Patient.e-Expert.e
Plan :
I.Définition
II.Historique
III.Comment devenir patient-e expert-e ?
IV.Rôles/actions
V.Pour une meilleure reconnaissance du statut
VI.Rôle dans la formation des soignant-es
- Définition
Le patient-e -expert-e désigne celui ou celle qui, atteint d’une maladie chronique, a développé au fil du temps une connaissance fine de sa maladie et dispose ainsi d’une réelle expertise dans le vécu quotidien d’une pathologie ou d’une limitation physique liée à son état.
- Historique
La notion de “patient-expert” vient du développement de la santé communautaire par des associations de malades, des groupes de soutien et d’entre-aide.
Ils se sont développés dans les années 1930, sur le modèle des Alcooliques Anonymes, dans des pays ayant une tradition de self-care (ensemble des soins non dispensés par les professionnel-les de santé) et de self-health (mode de vie adopté pour préserver la santé). Les premières pratiques d’intégration de pairs aidants salariés ont ainsi été réalisées aux Etats-Unis, grâce à un programme d’embauche de travailleurs pairs aidants en 1989, avec le financement par l’Association Nationale des Directeurs de Programmes d’Etats pour la Santé Mentale. (1)

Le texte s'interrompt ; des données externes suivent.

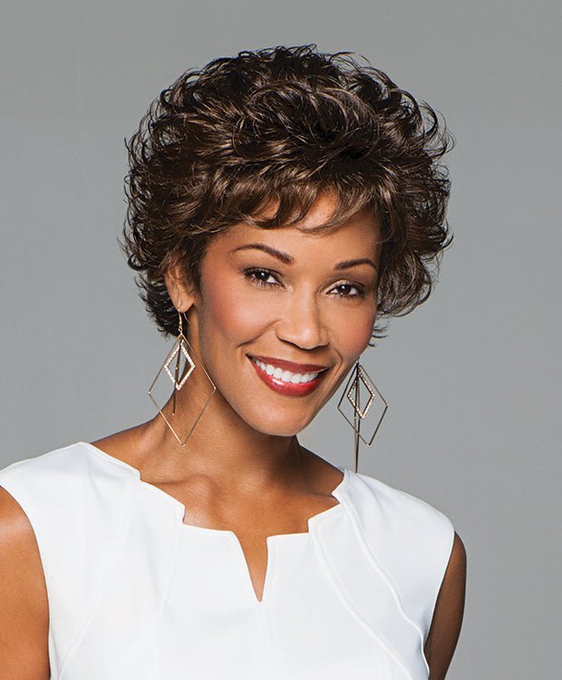 You’ll set a precedent with this short, all-over open curled style that redefines the meaning of no-fuss styling. Just shake and go. The hand-tied top adds cool comfort and the sheer scalloped hairline allows off the face styling.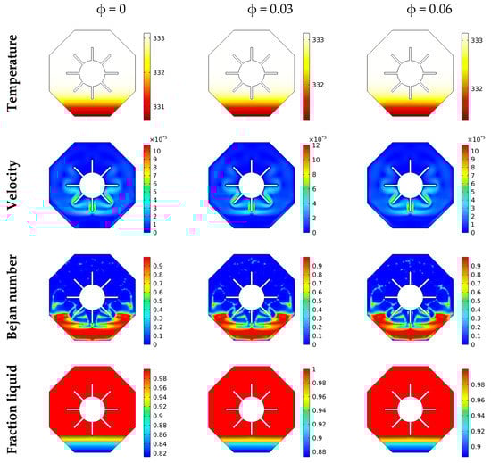 The isotherms, velocities, local Bejan number, and liquid fraction distributions are shown in Figure 6 as a function of the NP concentrations. In this situation, outer hexagons, including four fins, are employed. It is noticed that with increases in the mixture’s viscosity, there is a decrease in convective transport. The findings suggest that the velocity and temperature gradients reduce as it grows. Additionally, with low values of , the domain Bejan number occurs close to the wings rather than the lower borders. On the contrary, increasing increases the mushy region inside the active flow area until it demonstrates entirely melted behaviors at . Major changes in the values of the velocity and melting features can be noted as increases. Here, the value gives a higher velocity and melting process compared to other values of .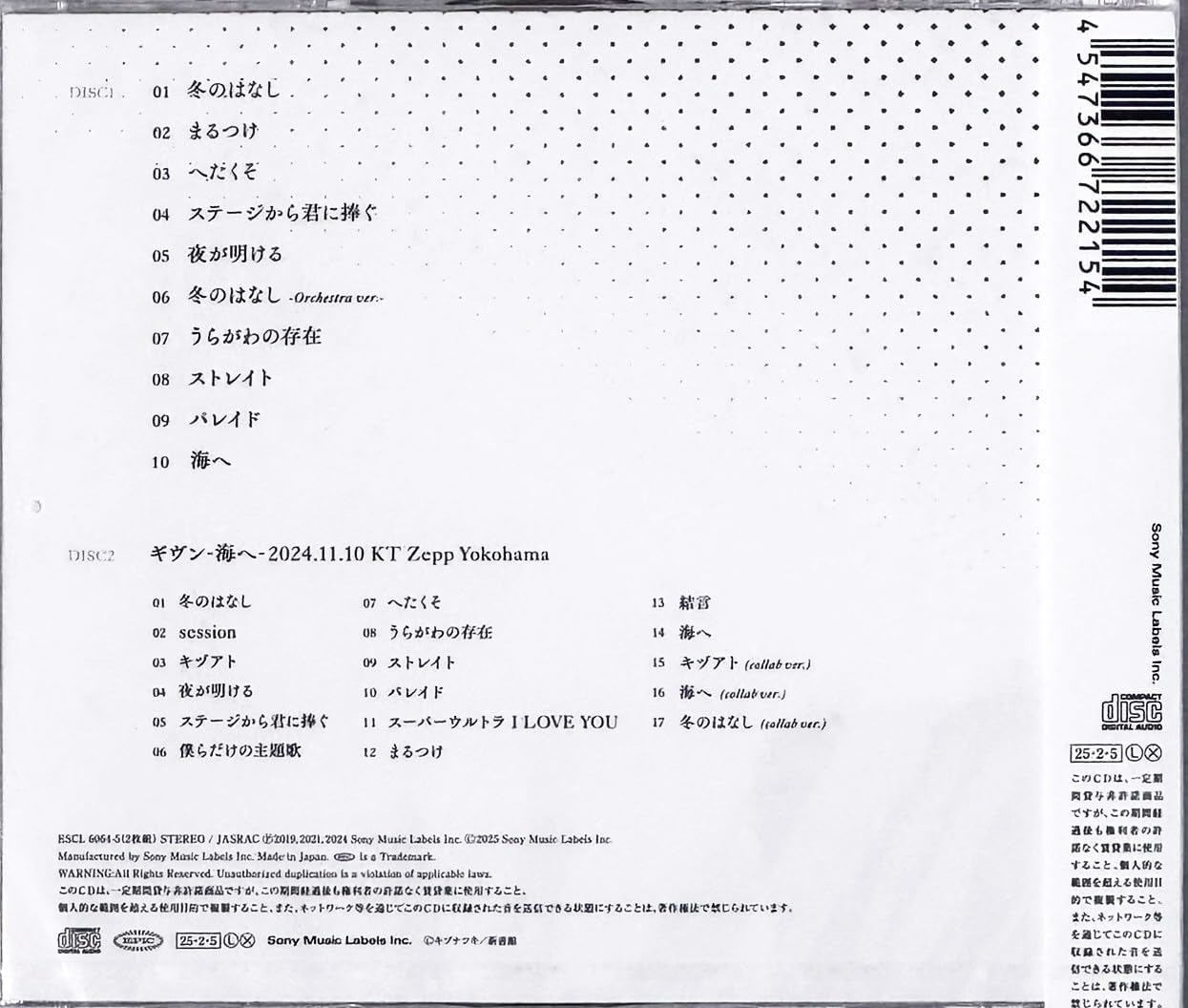 CD: DISC2 Sumber Suara Live Rasakan energi panggung dari konser GIVEN – TO THE SEAS- pada 10 November 2024 di KT Zepp Yokohama dengan rekaman live yang memukau: 01 Winter Nothing 02 session 03 Kizuato 04 Dawn 05 From Stage to You 06 Our Exclusive Subject Song 07 navel button 08 Enthusiasts. 09 Straight 10 parade 11 Super Ultra I Love You 12 Round Tsuki 13 Quotations 14 To the Sea 15 collab ver.) 16 collab ver.) 17 collab ver.)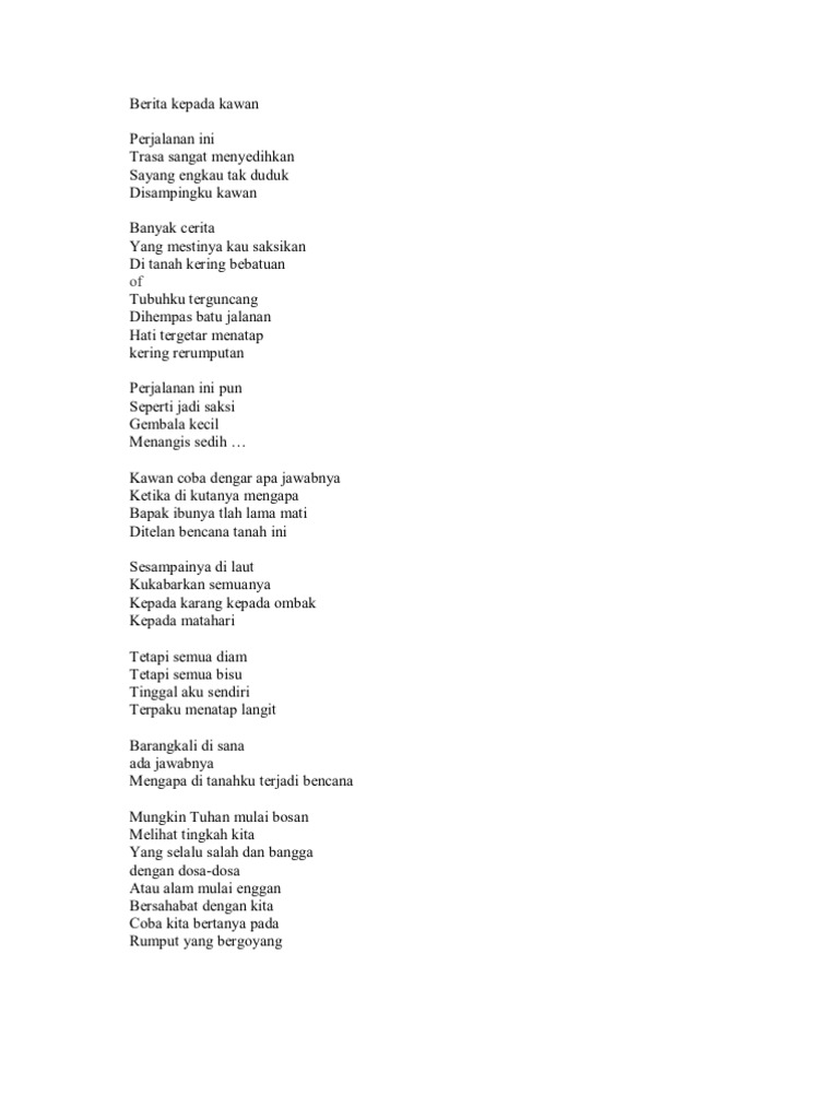 Friday may 30 2014 jika ada sebarang masalah tentang chord lagu diatas sila buat aduan pada form report chord yang disediakan. Chord kunci gitar dan lirik lagu berita kepada kawan ebiet g. Intro d g d a d g d verse d a d perjalanan ini terasa sangat menyedihkan em a d sayang engkau tak duduk disampingku kawan d a d banyak cerita yang mestinya kau saksikan em a d di tanah chord berita kepada kawan ebiet g.

En France, la pandémie du Sida dans les années 1980 a fait émergé de nombreuses associations militantes, comme Aides (1984), Act-up (1989), ou bien encore Actions-traitements (1991) qui est la première association constituée, dirigée et gérée uniquement par des malades. En 1992, ces diverses associations s’organisent en collectif afin de mutualiser leurs forces pour certaines actions et s’appuient sur les médias pour diffuser leur message dans l’opinion publique et rendre visible l’incapacité du système de santé à faire face à ces nouvelles problématiques. Les patient-es atteints du SIDA exigent alors de participer pleinement aux processus d’organisation et aux choix d’orientation des politiques de santé publique, dans leur propre intérêt et pour faire face aux risques sanitaires et sociaux causés par l’épidémie. Les patient-es mettent en avant alors la place des associations de malades dans la gestion du système de santé et dans l’organisation des étapes allant de la recherche clinique en passant par la mise sur le marché des médicaments et jusqu’à la prise en charge des personnes atteintes.

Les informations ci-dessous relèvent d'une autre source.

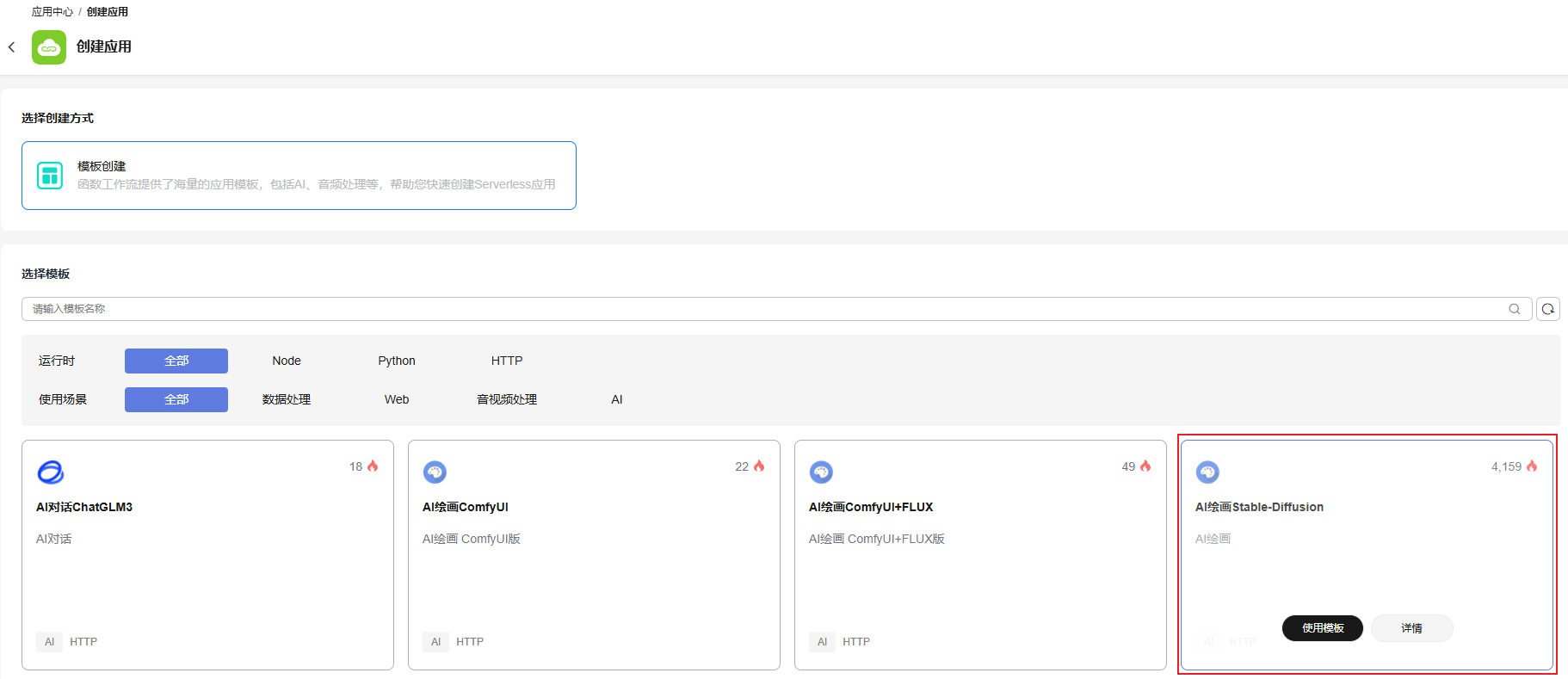 步骤三:使用ai绘画stable-diffusion模板创建应用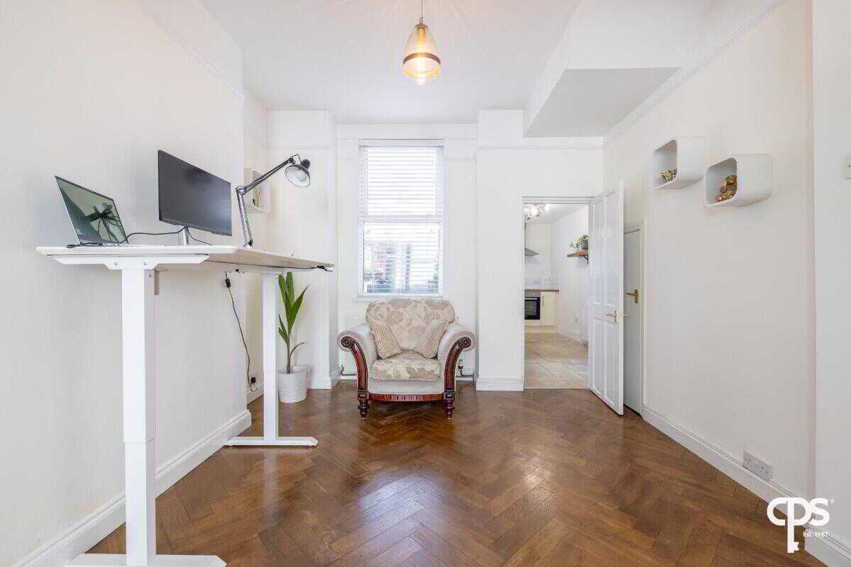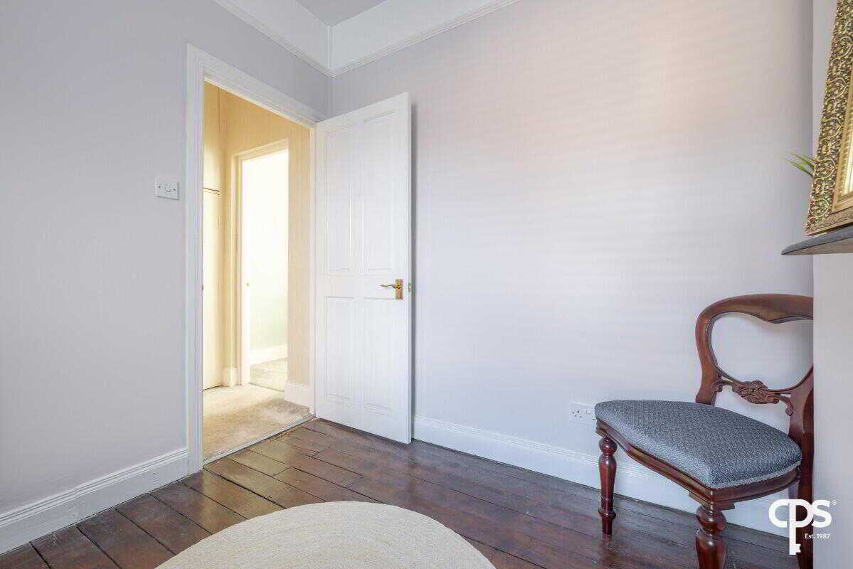 A spacious and versatile second bedroom, enhanced by an attractive feature fireplace which adds charm and character to the room. The hardwood flooring provides a stylish and low maintenance finish, complementing the traditional features. This room is ideal as a guest bedroom =, home office or nursery as it offers flexibility to suit a variety of needs.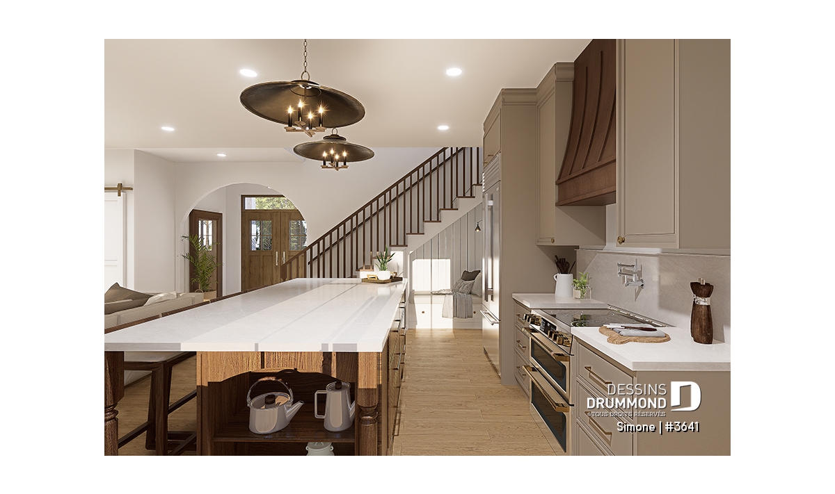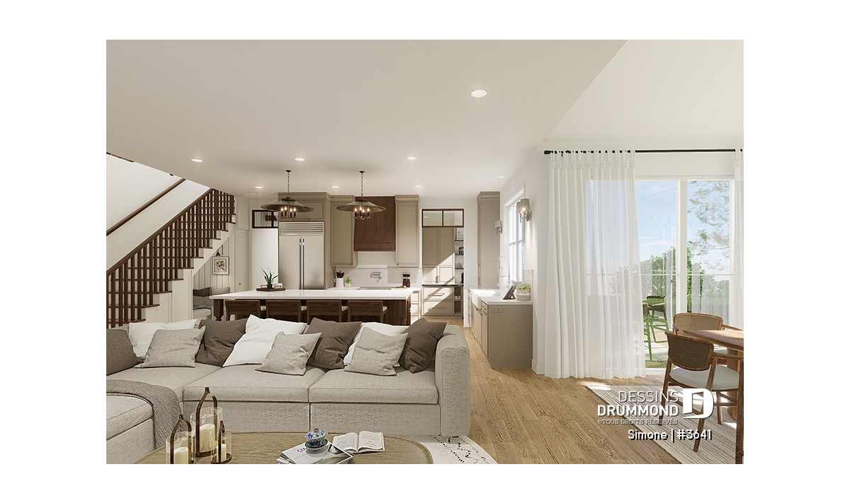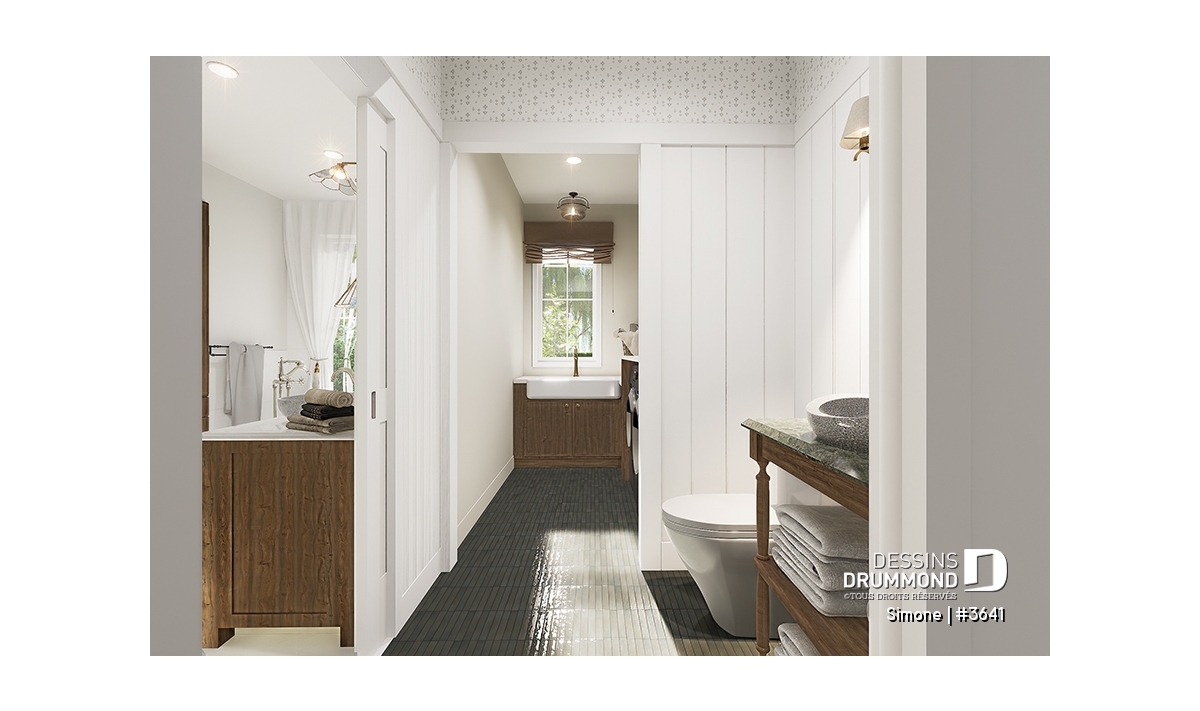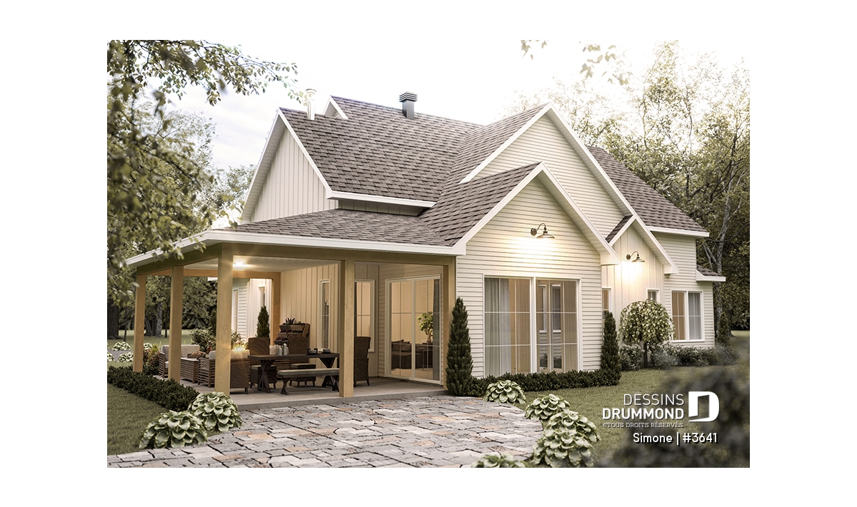 Le plan de maison SIMONE (#3641) offre un grand 2528 pi.ca. d'espace, aménagé sur 2 planchers. La fondation initiale prévue est une dalle flottante. Il est à noter que tous nos plans offrent plusieurs types de fondation.

En mai 1998, sous la direction de Bernard Kouchner, Secrétaire d’Etat Chargé de la Santé, des Etats Généraux de la Santé sont organisés afin de donner la parole à celles et ceux qui vivent la maladie. Après de multiples réunions régionales et nationales, des concertations entre malades, ayant une expérience du système de soins, la priorité est donnée à la prise en charge de la douleur. Ces Etats Généraux sont à l’origine de la loi du 4 mars 2002 « relative aux droits des malades et à la qualité du système de santé ». Soutenue par la Cour de Cassation, émergent les fondements d'une démocratie sanitaire et l'idée d'une participation conjointe de professionnel-les, des usager-es et des élus à la définition d’une politique de santé publique. Né ainsi l’article L 1114-1 du Code de la santé publique, affirmant la place des usager-es au cœur des politiques de santé publique. Outre le droit de siéger dans les instances hospitalières et de santé publique, il leur est désormais possible de défendre les droits des personnes malades et des usager-es, d’organiser l'information et la formation de celleux-ci.

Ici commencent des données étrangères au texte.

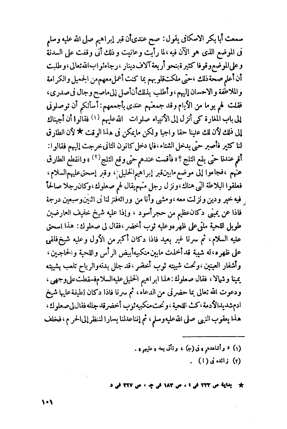 سمعت أبا بكر الإسكافي يقول: صح عندي أن قبر إبراهيم -صلى اللَّه عليه وسلم- في الموضع الذي هو الآن فيه، لما رأيت وعانيت وذلك أني وقفت على السدنة وعلى الموضع وقوفًا كثيرة بنحو أربعة آلاف دينار، رجاء ثواب اللَّه تعالى، وطلبت أن أعلم صحة ذلك، حتى ملكت قلوبهم بما كنت أعمل معهم من الجميل والكرامة والملاطفة والإحسان إليهم، وأطلب بذلك أن أصل إلى ما صح وجال في صدري، فقلت لهم يومًا من الأيام وقد جمعتهم عندي بأجمعهم: أسألكم أن توصلوني إلى باب المغارة كي أنزل إلى الأنبياء صلوات اللَّه عليهم وأشاهدهم فقالوا إن أجبناك إلى ذلك لأن لك علينا حقًا واجبًا ولكن ما يمكن في هذا الوقت لأن الطارق لنا كثير فاصبر حتى يدخل الشتاء فلما دخل كانون الثاني خرجت إليهم فقالوا: أقم عندنا حتى يقع الثلج؟ فأقمت عندهم حتى وقع الثلج وانقطع الطارق عنهم فجاءوا إلى موضع ما بين قبر إبراهيم الخليل، وقبر إسحاق عليهم السلام، فعلقوا البلاطة التي هناك، ونزل رجل منهم يقال له صعلوك، وكان رجلًا صالحًا فيه خير ودين ونزلت معه، ومشى وأنا من ورائه فنزلنا في اثنتين وسبعين درجة فإذا عن يميني دكان عظيم من حجر أسود، وإذا عليه شيخ خفيف العارضين طويل اللحية ملقى على ظهره وعليه ثوب أخصر، فقال لي صعلوك، هذا إسحاق عليه السلام، ثم سرنا غير بعيد فإذا دكان أكبر من الأول وعليه شيخ ملقى على ظهره، له شيبة قد أخذت ما بين منكبيه أبيض الرأس واللحية والحاجبين وأشفار العينين، وتحت شيبته ثوب أخصر، قد جلل بدنه والرياح تلعب بشيبته يمينًا وشمالًا، فقال صعلوك: هذا إبراهيم الخليل عليه السلام فسقطت على وجهي ودعوت اللَّه تعالى بما حضرني من الدعاء، ثم سرنا فإذا دكان لطيفة عليها شيخ آدم شديد الأدمة، كث اللحية، وتحت منكبيه ثوب أخضر قد جلله فقال لي صعلوك، هذا يعقوب النبي -صلى اللَّه عليه وسلم-، ثم إننا عدلنا يسارًا لننظر إلى الحرم، فخلف

Ainsi, l’objectif étant de s’éloigner de la médecine paternaliste, verticale, avec un rapport de domination, pour s’approcher d’une médecine plus humaine, à l’écoute, plus horizontale, prenant en compte les patient-es dans leur globalité, leurs besoins, leur souffrance, leurs choix, afin de les placer au centre de leur prise en charge, leur donner la possibilité d’être acteur-rice de leur prise en soins. (2)
- Comment devenir patient-e expert-e ?
Pour devenir patient-e expert-e, il est important d’avoir un certain recul sur sa maladie, et si possible, d’avoir déjà une expérience dans l’aide et l’accompagnement d’autres patient-es, via par exemple une association de patients agréée. Par ailleurs, comme toute personne intervenant dans un programme d’ETP (Education Thérapeutique du Patient) , les patient-es experts doivent attester de compétences en éducation thérapeutique du patient définies par l’arrêté du 2 août 2010 modifié par le décret du 31 mai 2013 relatif aux compétences requises pour dispenser l’éducation thérapeutique du patient soit au minimum une formation de 40 heures permettant la délivrance d’un certificat pour dispenser l’ETP.
Ces formations peuvent être fournies par des universités, ou bien des associations.
D’autres formations plus longues sont possibles mais non obligatoires pour devenir patient expert telles que les DU, Master. (3)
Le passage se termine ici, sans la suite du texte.